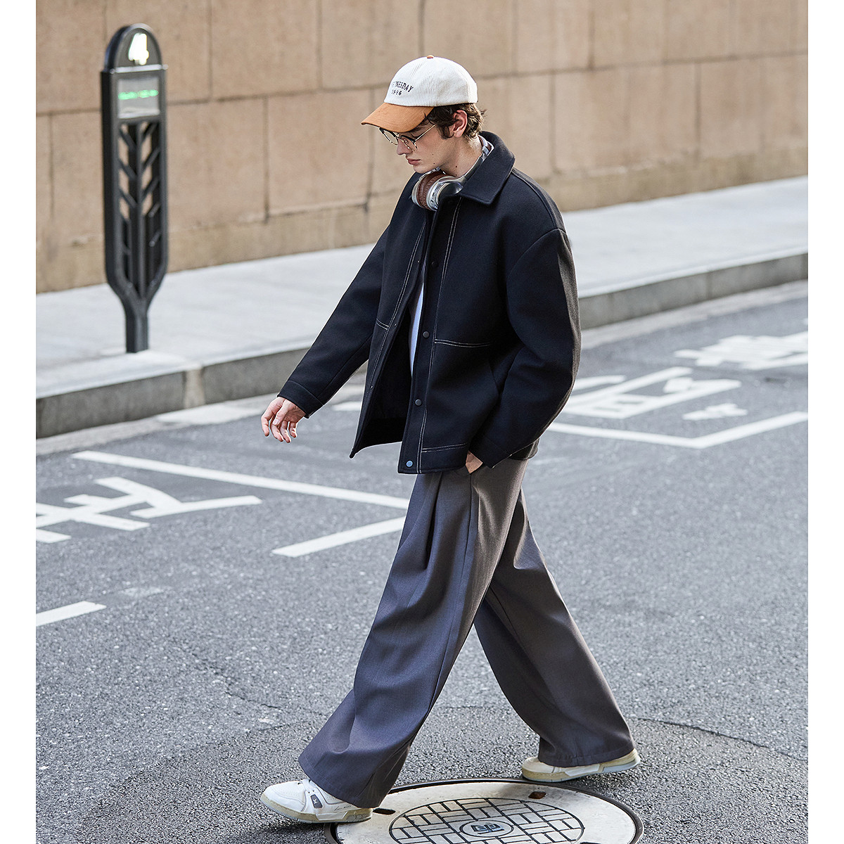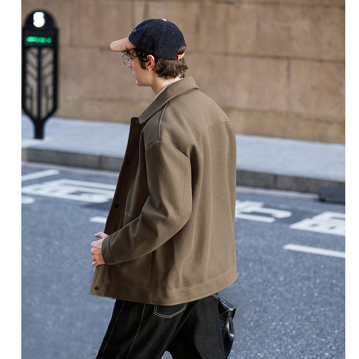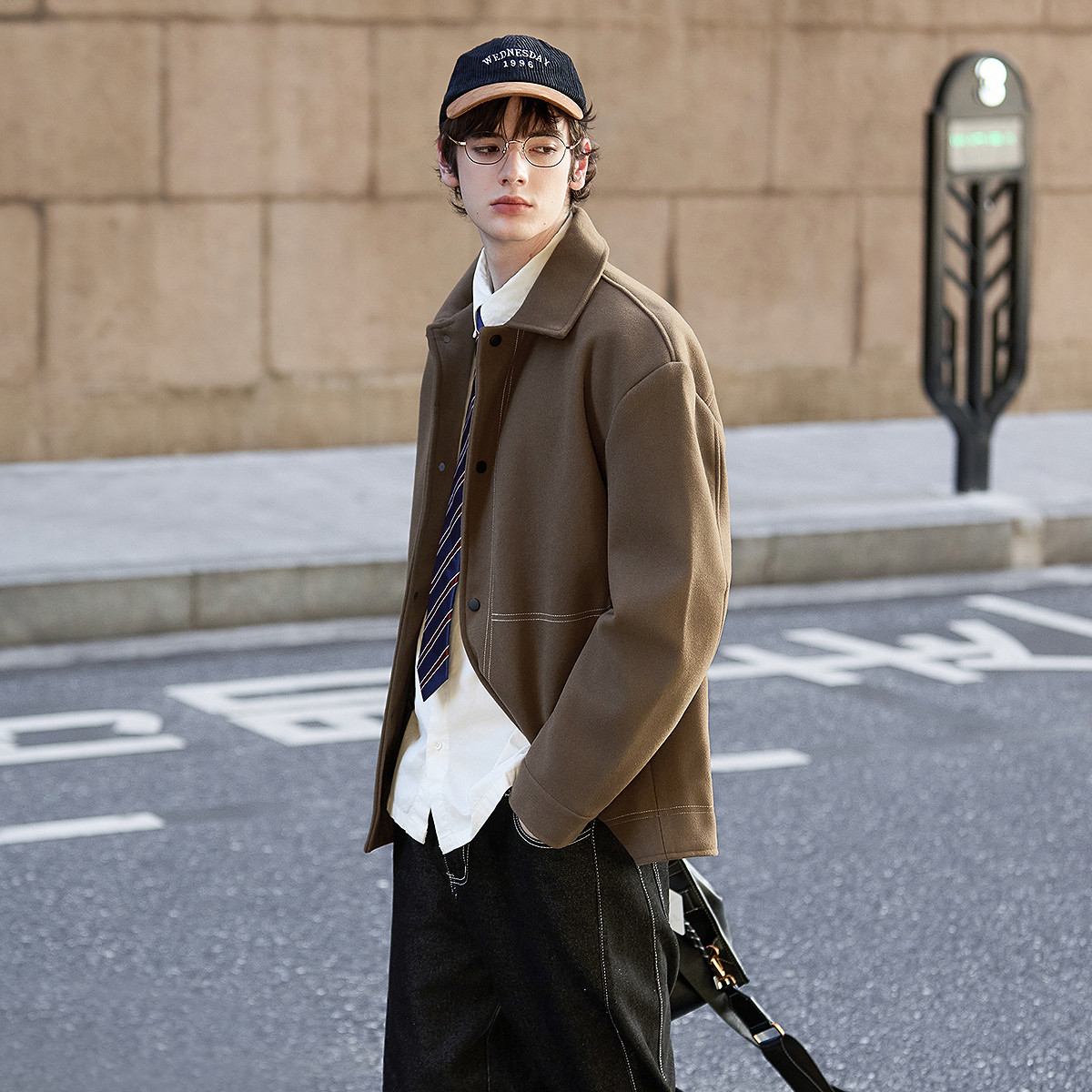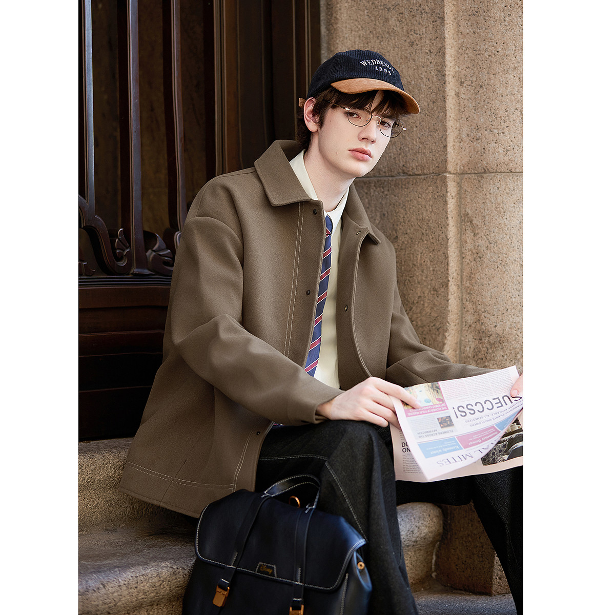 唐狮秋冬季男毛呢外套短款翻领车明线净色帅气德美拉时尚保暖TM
◆ ◆ ◆ ◆
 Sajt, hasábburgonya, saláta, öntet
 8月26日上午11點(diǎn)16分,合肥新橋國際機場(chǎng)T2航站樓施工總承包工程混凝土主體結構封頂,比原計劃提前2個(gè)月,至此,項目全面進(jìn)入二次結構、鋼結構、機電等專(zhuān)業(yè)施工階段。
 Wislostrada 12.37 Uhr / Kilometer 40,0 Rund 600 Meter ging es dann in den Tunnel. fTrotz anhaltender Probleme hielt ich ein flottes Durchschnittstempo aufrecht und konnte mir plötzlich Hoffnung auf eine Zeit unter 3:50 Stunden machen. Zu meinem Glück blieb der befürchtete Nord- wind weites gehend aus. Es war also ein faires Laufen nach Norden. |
◆ ◆ ◆ ◆
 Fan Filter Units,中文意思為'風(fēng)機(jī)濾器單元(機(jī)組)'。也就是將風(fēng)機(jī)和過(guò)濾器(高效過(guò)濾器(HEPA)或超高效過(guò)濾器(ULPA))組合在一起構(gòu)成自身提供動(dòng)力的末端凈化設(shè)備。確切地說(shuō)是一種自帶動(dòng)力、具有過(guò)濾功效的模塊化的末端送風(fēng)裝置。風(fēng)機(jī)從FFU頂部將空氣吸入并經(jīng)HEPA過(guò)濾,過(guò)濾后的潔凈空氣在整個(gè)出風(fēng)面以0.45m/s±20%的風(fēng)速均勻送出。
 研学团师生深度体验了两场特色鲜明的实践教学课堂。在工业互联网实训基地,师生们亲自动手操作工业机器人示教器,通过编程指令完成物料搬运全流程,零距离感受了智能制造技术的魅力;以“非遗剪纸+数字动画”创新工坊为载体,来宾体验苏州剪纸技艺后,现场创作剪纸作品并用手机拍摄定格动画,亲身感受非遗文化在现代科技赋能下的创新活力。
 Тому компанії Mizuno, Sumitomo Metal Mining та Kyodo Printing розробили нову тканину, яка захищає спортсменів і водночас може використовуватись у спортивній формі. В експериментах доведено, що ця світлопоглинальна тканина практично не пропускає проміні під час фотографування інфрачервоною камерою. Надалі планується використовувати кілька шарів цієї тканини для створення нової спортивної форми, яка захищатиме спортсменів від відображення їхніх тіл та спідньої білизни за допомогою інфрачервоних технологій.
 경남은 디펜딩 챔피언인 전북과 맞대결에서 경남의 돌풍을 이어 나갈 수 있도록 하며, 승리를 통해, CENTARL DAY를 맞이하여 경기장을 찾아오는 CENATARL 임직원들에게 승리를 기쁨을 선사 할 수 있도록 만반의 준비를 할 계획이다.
◆ ◆ ◆ ◆
◆ Task to complete ◆
Output, from the data above, the lines from the line with "Sajt, hasábburgonya, saláta, öntet" to the line with "Wislostrada 12.37 Uhr" exactly as they stand, both ends included and nothing else.

◆ Response to the task ◆
 Sajt, hasábburgonya, saláta, öntet
 8月26日上午11點(diǎn)16分,合肥新橋國際機場(chǎng)T2航站樓施工總承包工程混凝土主體結構封頂,比原計劃提前2個(gè)月,至此,項目全面進(jìn)入二次結構、鋼結構、機電等專(zhuān)業(yè)施工階段。
 Wislostrada 12.37 Uhr / Kilometer 40,0 Rund 600 Meter ging es dann in den Tunnel. fTrotz anhaltender Probleme hielt ich ein flottes Durchschnittstempo aufrecht und konnte mir plötzlich Hoffnung auf eine Zeit unter 3:50 Stunden machen. Zu meinem Glück blieb der befürchtete Nord- wind weites gehend aus. Es war also ein faires Laufen nach Norden. |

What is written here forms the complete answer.